- Task directions:
The answer should be every line below, repeated exactly, with the images left out.

- Source material:
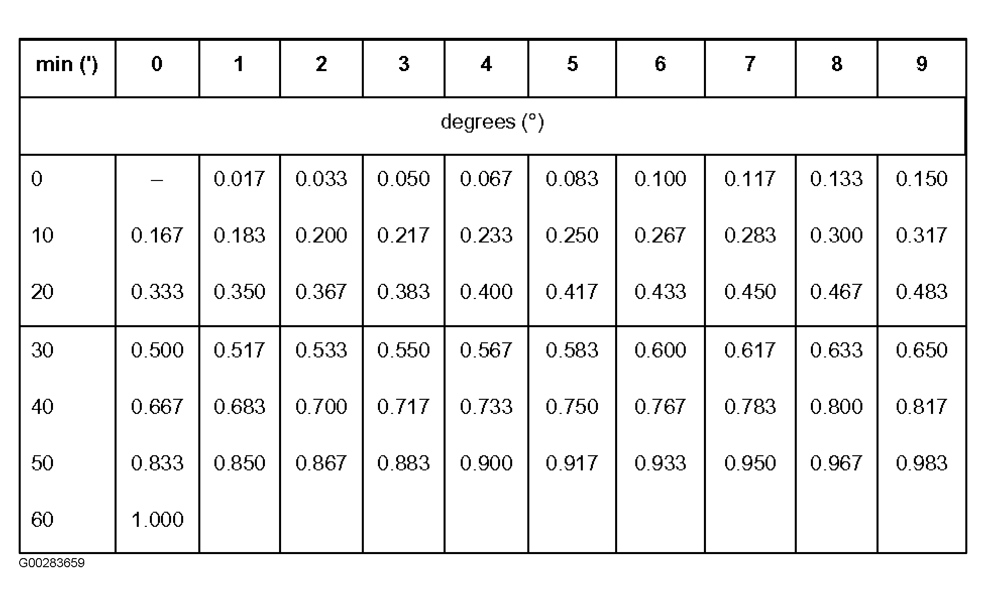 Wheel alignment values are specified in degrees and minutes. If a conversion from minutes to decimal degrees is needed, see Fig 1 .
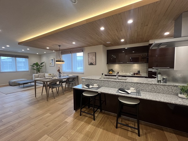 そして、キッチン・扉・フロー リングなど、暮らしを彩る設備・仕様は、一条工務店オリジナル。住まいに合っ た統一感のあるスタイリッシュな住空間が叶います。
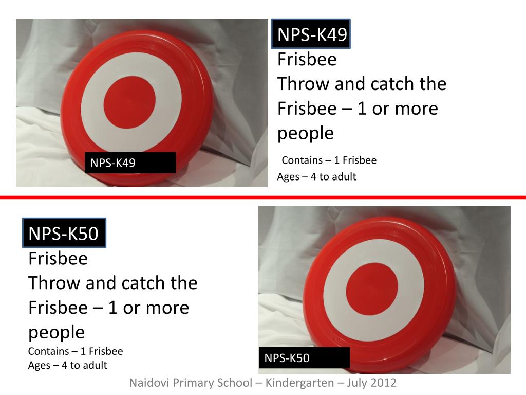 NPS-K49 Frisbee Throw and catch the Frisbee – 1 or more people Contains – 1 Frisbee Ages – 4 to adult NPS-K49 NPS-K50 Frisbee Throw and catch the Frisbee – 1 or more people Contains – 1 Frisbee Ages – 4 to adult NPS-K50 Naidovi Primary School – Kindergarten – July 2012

- Result for this exercise:
 Wheel alignment values are specified in degrees and minutes. If a conversion from minutes to decimal degrees is needed, see Fig 1 .
 そして、キッチン・扉・フロー リングなど、暮らしを彩る設備・仕様は、一条工務店オリジナル。住まいに合っ た統一感のあるスタイリッシュな住空間が叶います。
 NPS-K49 Frisbee Throw and catch the Frisbee – 1 or more people Contains – 1 Frisbee Ages – 4 to adult NPS-K49 NPS-K50 Frisbee Throw and catch the Frisbee – 1 or more people Contains – 1 Frisbee Ages – 4 to adult NPS-K50 Naidovi Primary School – Kindergarten – July 2012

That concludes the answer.